🤖 AI Summary
To address the vulnerability and poor robustness of traditional string-based URL features in phishing website detection—easily evaded by obfuscation techniques—this paper proposes a heterogeneous graph modeling approach that jointly encodes URL structural patterns and network-layer entities (e.g., IP addresses, authoritative DNS servers). We introduce a novel dynamic edge potential mechanism and an enhanced, convergence-guaranteed loopy belief propagation (LBP) algorithm, enabling stable and interpretable probabilistic inference over complex heterogeneous graphs. Furthermore, we integrate graph neural networks with network topology-aware feature extraction to support end-to-end phishing URL classification. Evaluated on real-world datasets, our method achieves an F1-score of 98.77%, significantly outperforming state-of-the-art approaches. The framework demonstrates high reproducibility and practical deployability in operational security systems.
📝 Abstract
The proliferation of mobile devices and online interactions have been threatened by different cyberattacks, where phishing attacks and malicious Uniform Resource Locators (URLs) pose significant risks to user security. Traditional phishing URL detection methods primarily rely on URL string-based features, which attackers often manipulate to evade detection.

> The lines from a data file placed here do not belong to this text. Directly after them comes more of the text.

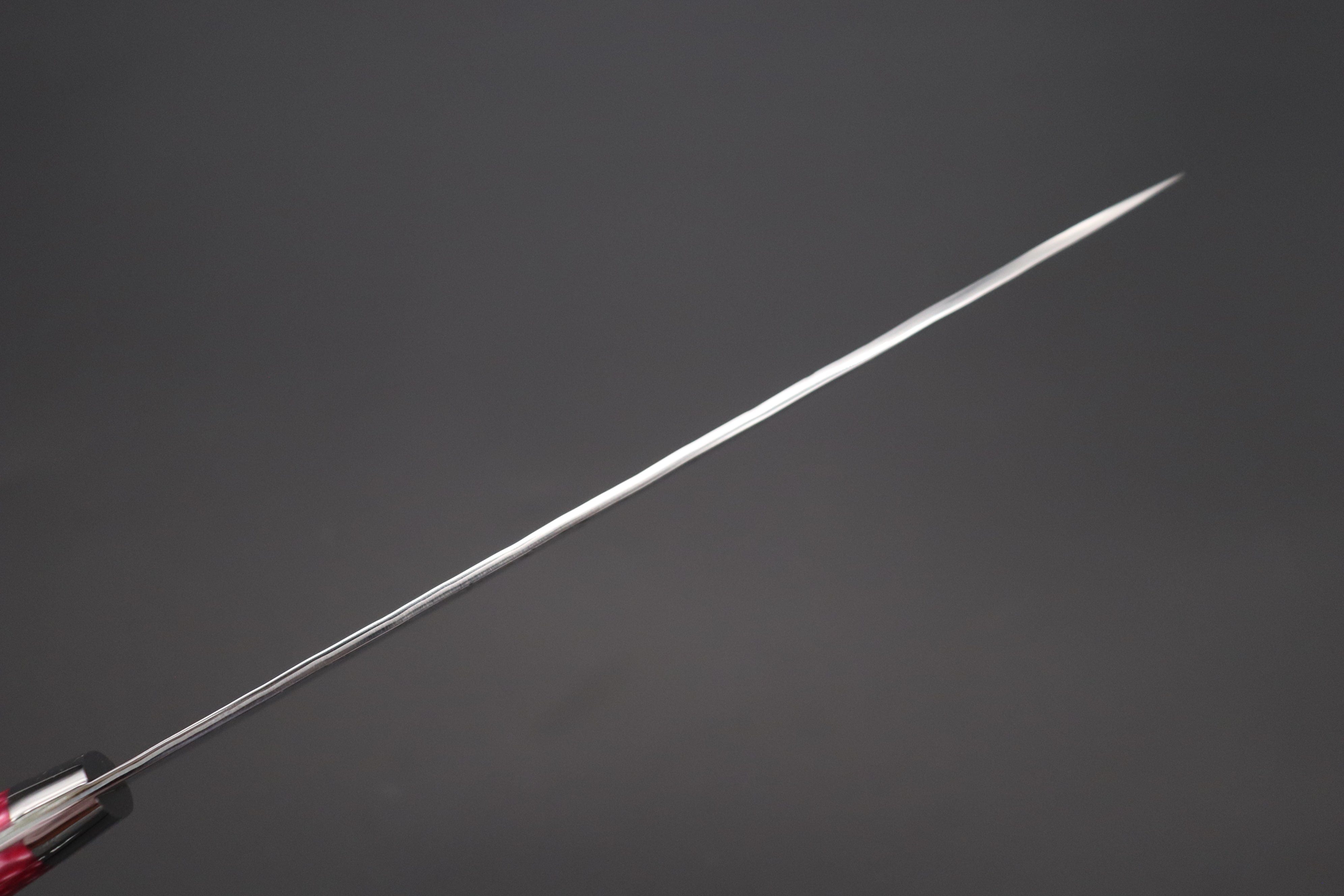 The Gyuto is the Japanese version of the classic Western Chef’s knife. It can be used with a variety of different cutting techniques to achieve a wide range of kitchen tasks and is suitable for cutting the vast majority of meats, fish, vegetables and fruits. The Gyuto is true multi-purpose knife.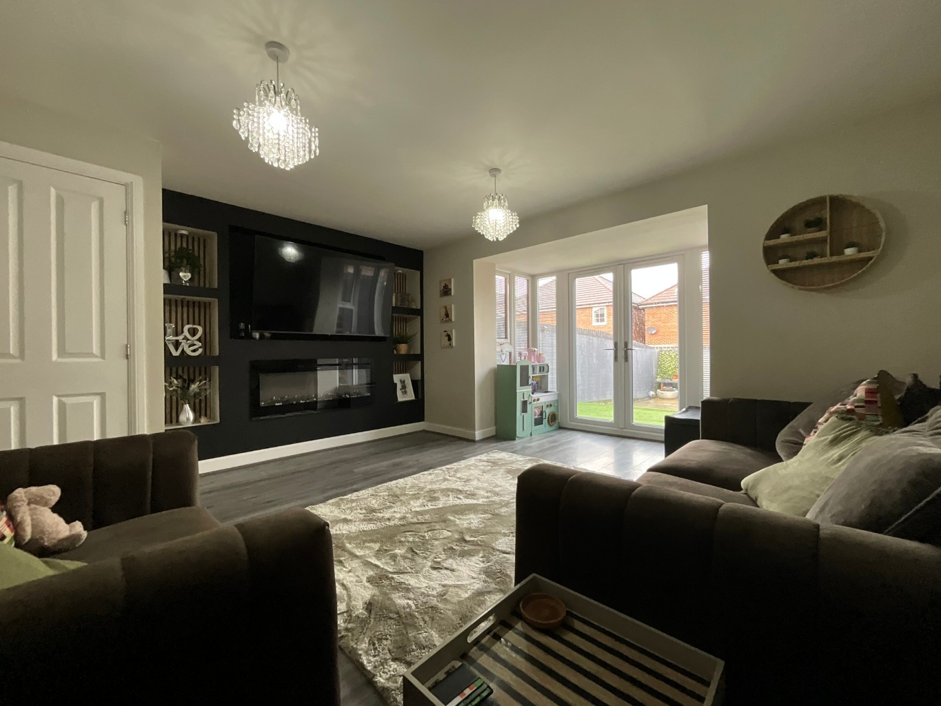 Lounge (4.57 x 3.89)Features: radiator, feature fireplace, UPVC French doors to rear, media wall, storage cupboard.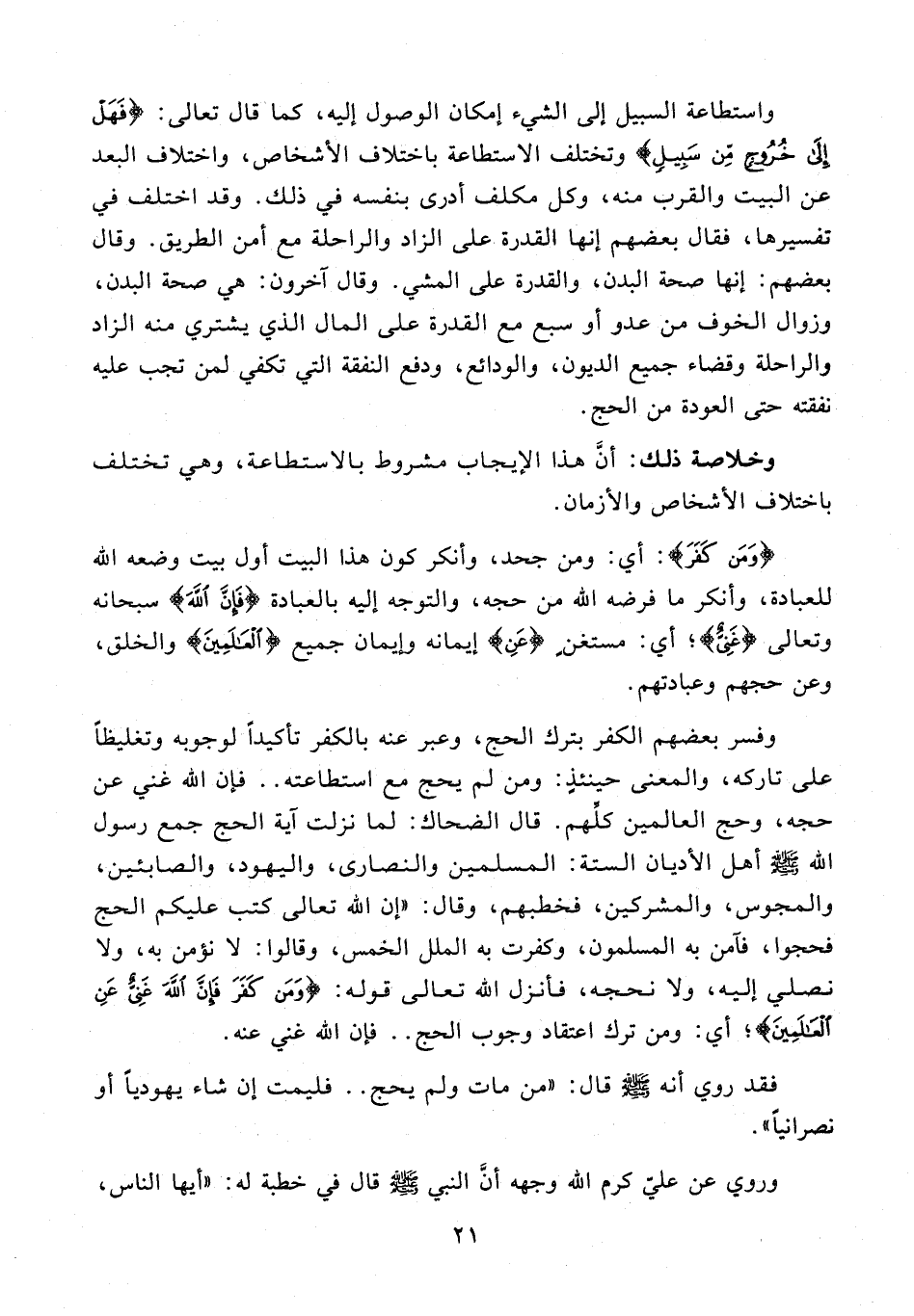 وخلاصة ذلك: أنَّ هذا الإيجاب مشروط بالاستطاعة، وهي تختلف باختلاف الأشخاص والأزمان.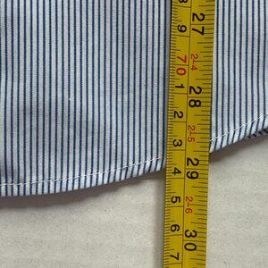 Color: Blue and White Pinstripe with Multicolor Star Embroidery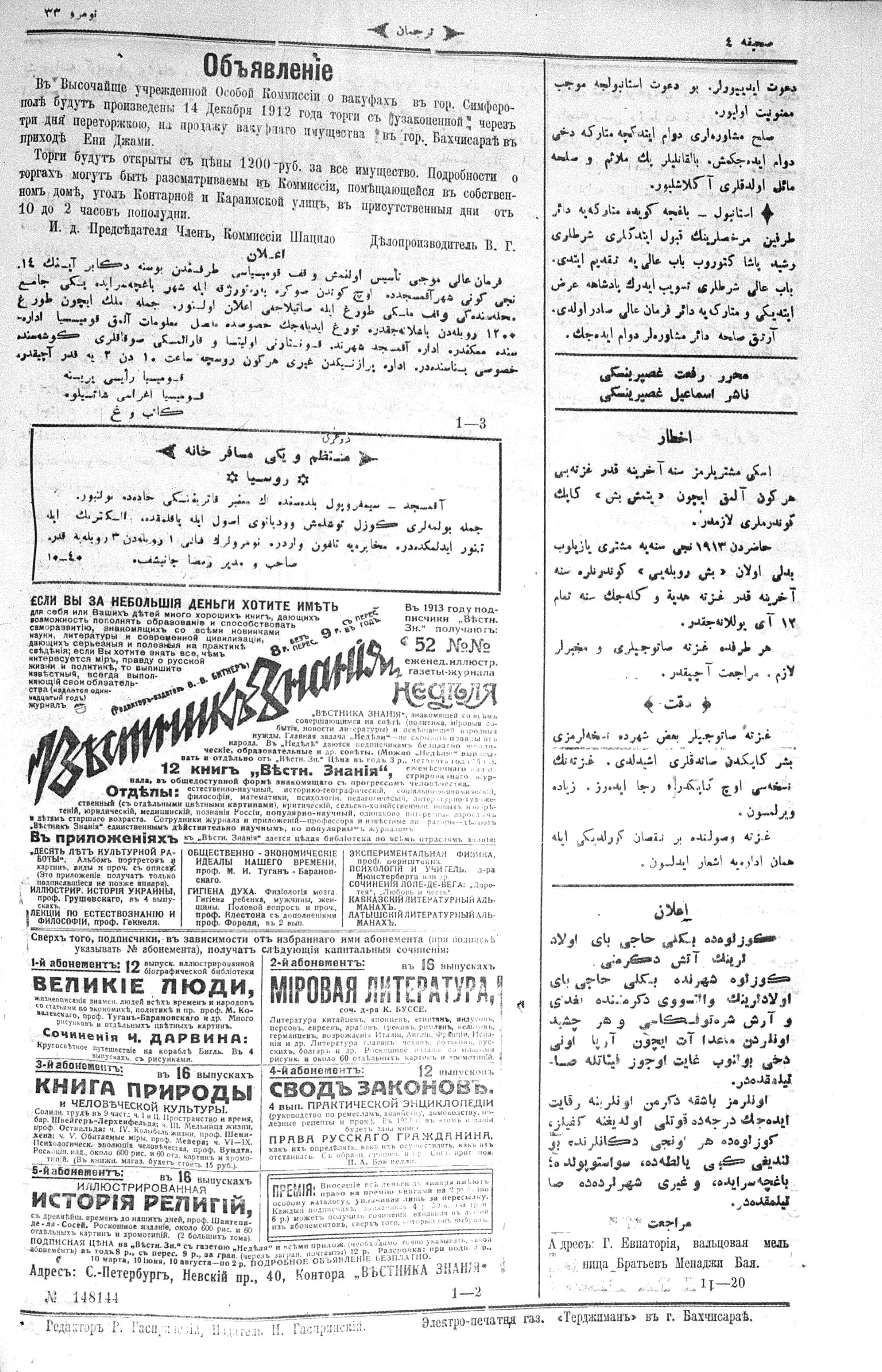 Turkish-Russian newspaper published in Crimea by İsmail Gaspıralı.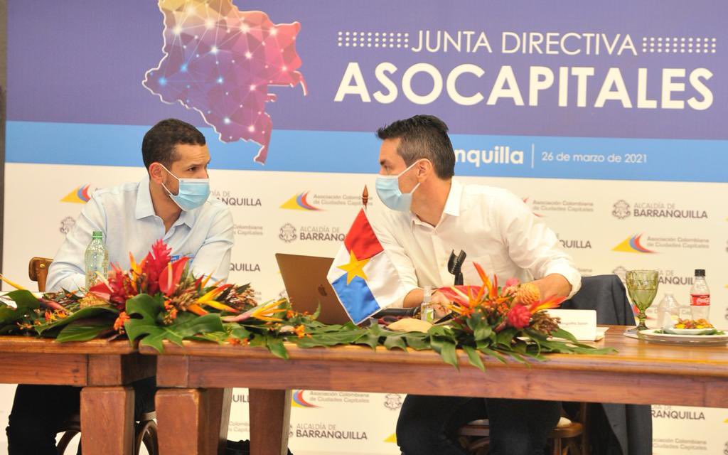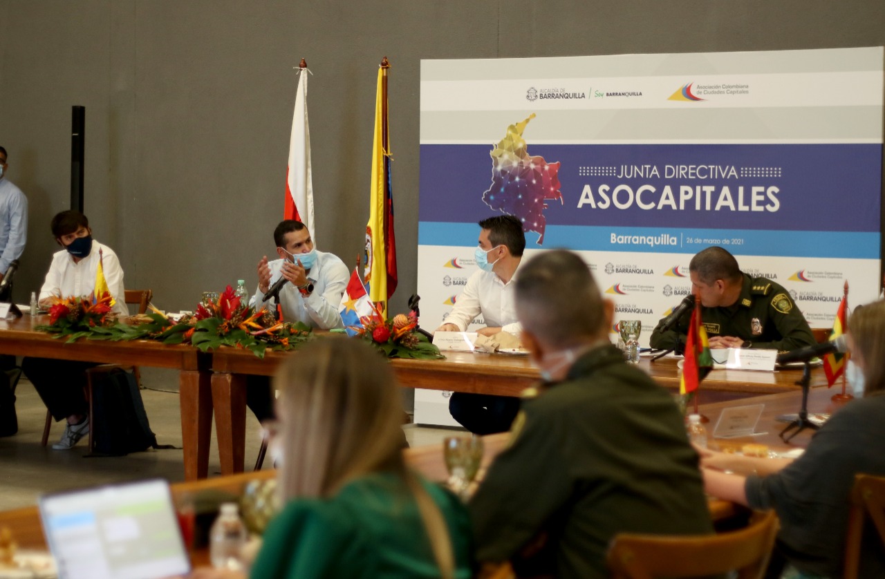 Montería, 27 de marzo de 2021- Durante la junta directiva de Asocapitales que contó con la participación del Ministro del Interior, Daniel Palacios Martínez y el Subdirector General de la Policía Nacional, Mayor General Hoover Alfredo Penilla Romero, los alcaldes y la directora ejecutiva de Asocapitales, Luz María Zapata, dialogaron sobre los retos que impone la lucha contra el microtráfico como un fenómeno criminal que requiere la intervención de las autoridades en las zonas de más alto riesgo en las ciudades capitales y la definición de estrategias conjuntas entre Fiscalía General, Ministerios de Defensa e Interior, Policía y Ejército Nacional.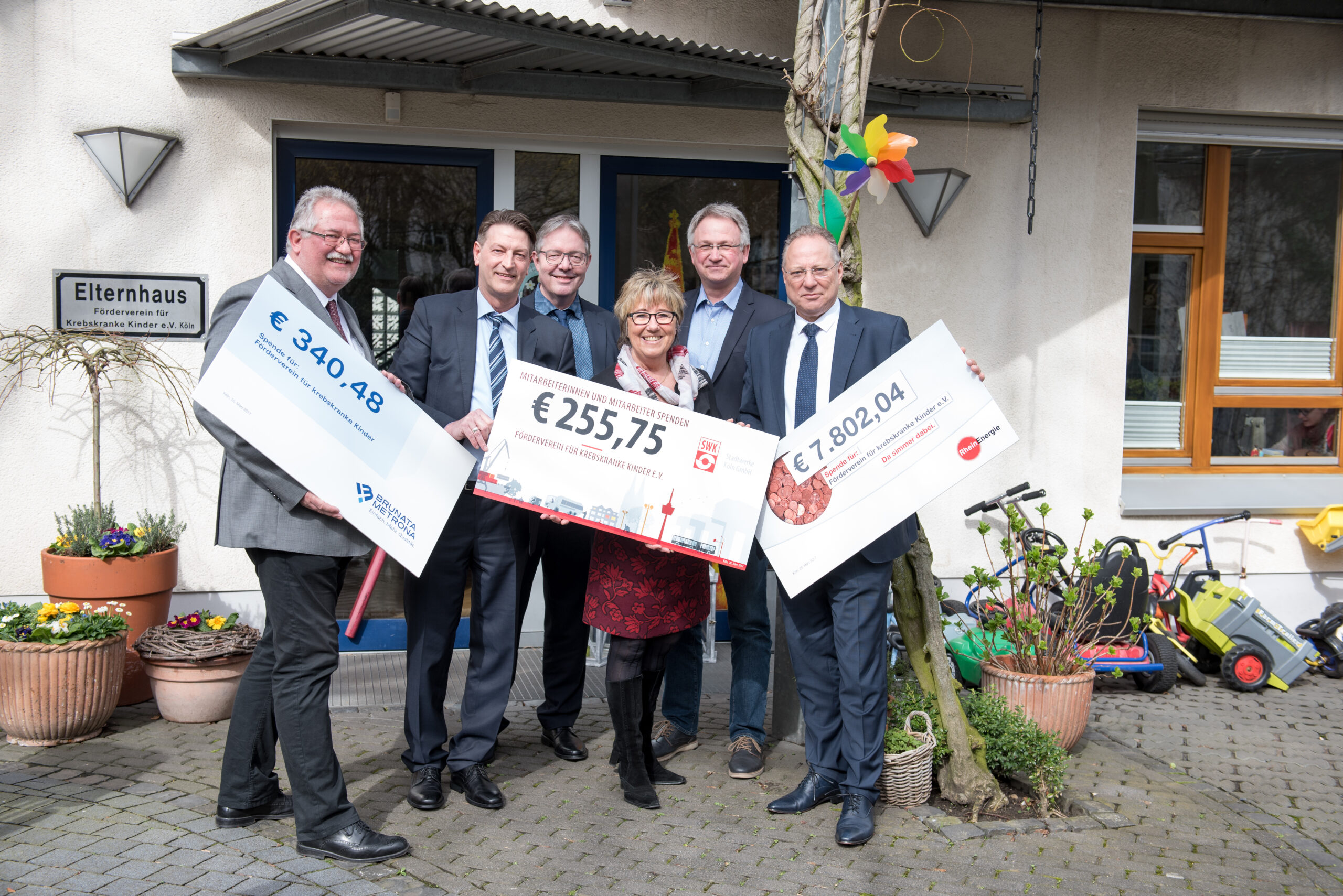 Norbert Kasten, Betriebsratsvorsitzender Brunata, Wilfried Teschner, Betriebsratsvorsitzender SWK, Rainer Plaßmann, Personalleiter SWK, Marlene Merhar, Vorsitzende des Fördervereins für krebskranke Kinder, Wolfgang Nolden, Betriebsratsvorsitzender RheinEnergie, Norbert Graefrath, Arbeitsdirektor RheinEnergie.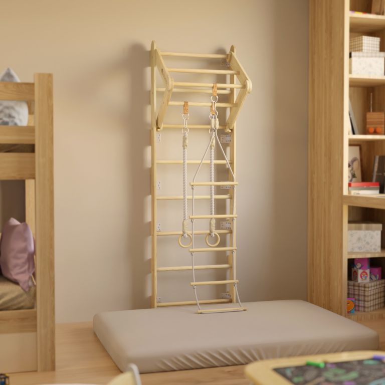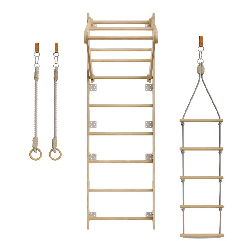 Vneste do detskej izby viac pohybu a radosti. Drevené rebriny s bohatým príslušenstvom poskytnú deťom priestor, kde môžu rozvíjať svoje schopnosti, posilňovať telo a užívať si aktívnu zábavu každý deň. S gymnastickými kruhmi, hrazdou a lanovým rebríkom sa obyčajné hranie premení na dobrodružstvo plné lezenia a objavovania.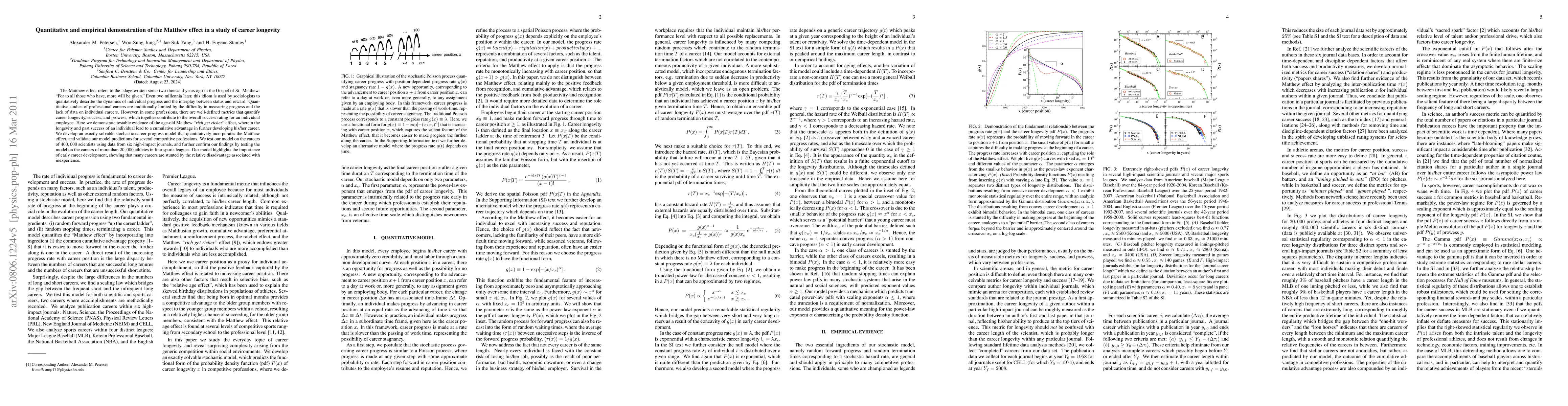 This study quantitatively demonstrates the Matthew effect in professional careers, showing that individuals with greater past success and longevity accumulate further advantages. The research validates a stochastic model across 400,000 scientists and over 20,000 athletes, emphasizing the importance of early career development.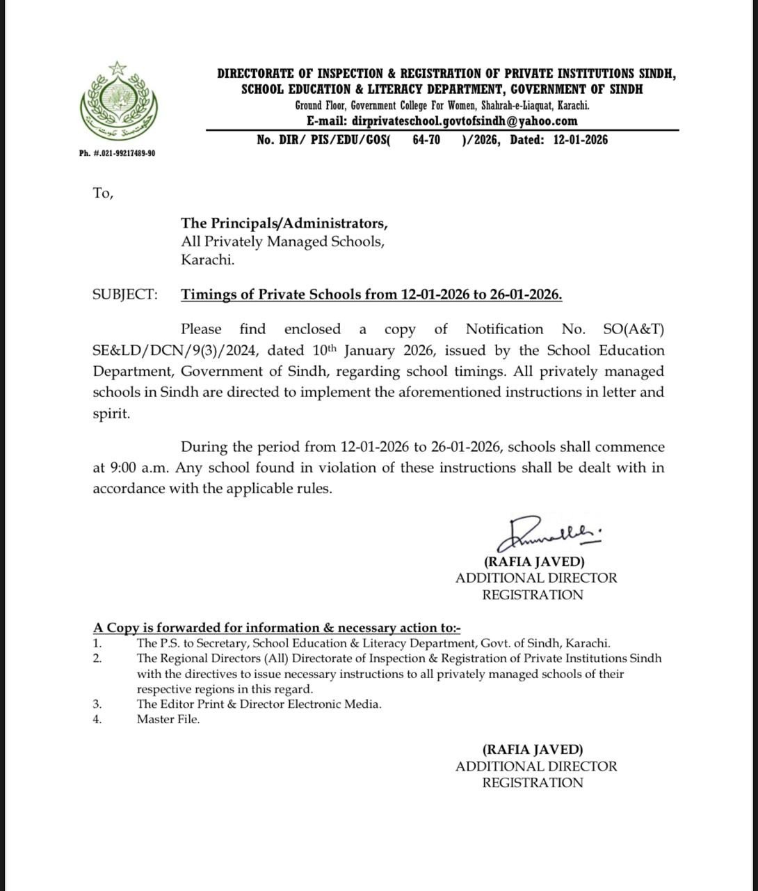 The Sindh Directorate of Private Institutions has issued a stern warning to private schools for failing to comply with the Sindh government's winter timings directive, threatening legal action for non-compliance.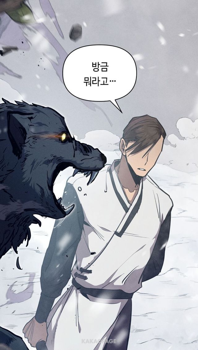 숲 속에서 튀어나온 거대한 늑대가 그들을 덮칩니다.

To address these limitations, we propose a novel graph-based machine learning model for phishing URL detection, integrating both URL structure and network-level features such as IP addresses and authoritative name servers. Our approach leverages Loopy Belief Propagation (LBP) with an enhanced convergence strategy to enable effective message passing and stable classification in the presence of complex graph structures. Additionally, we introduce a refined edge potential mechanism that dynamically adapts based on entity similarity and label relationships to further improve classification accuracy. Comprehensive experiments on real-world datasets demonstrate our model's effectiveness by achieving F1 score of up to 98.77%. This robust and reproducible method advances phishing detection capabilities, offering enhanced reliability and valuable insights in the field of cybersecurity.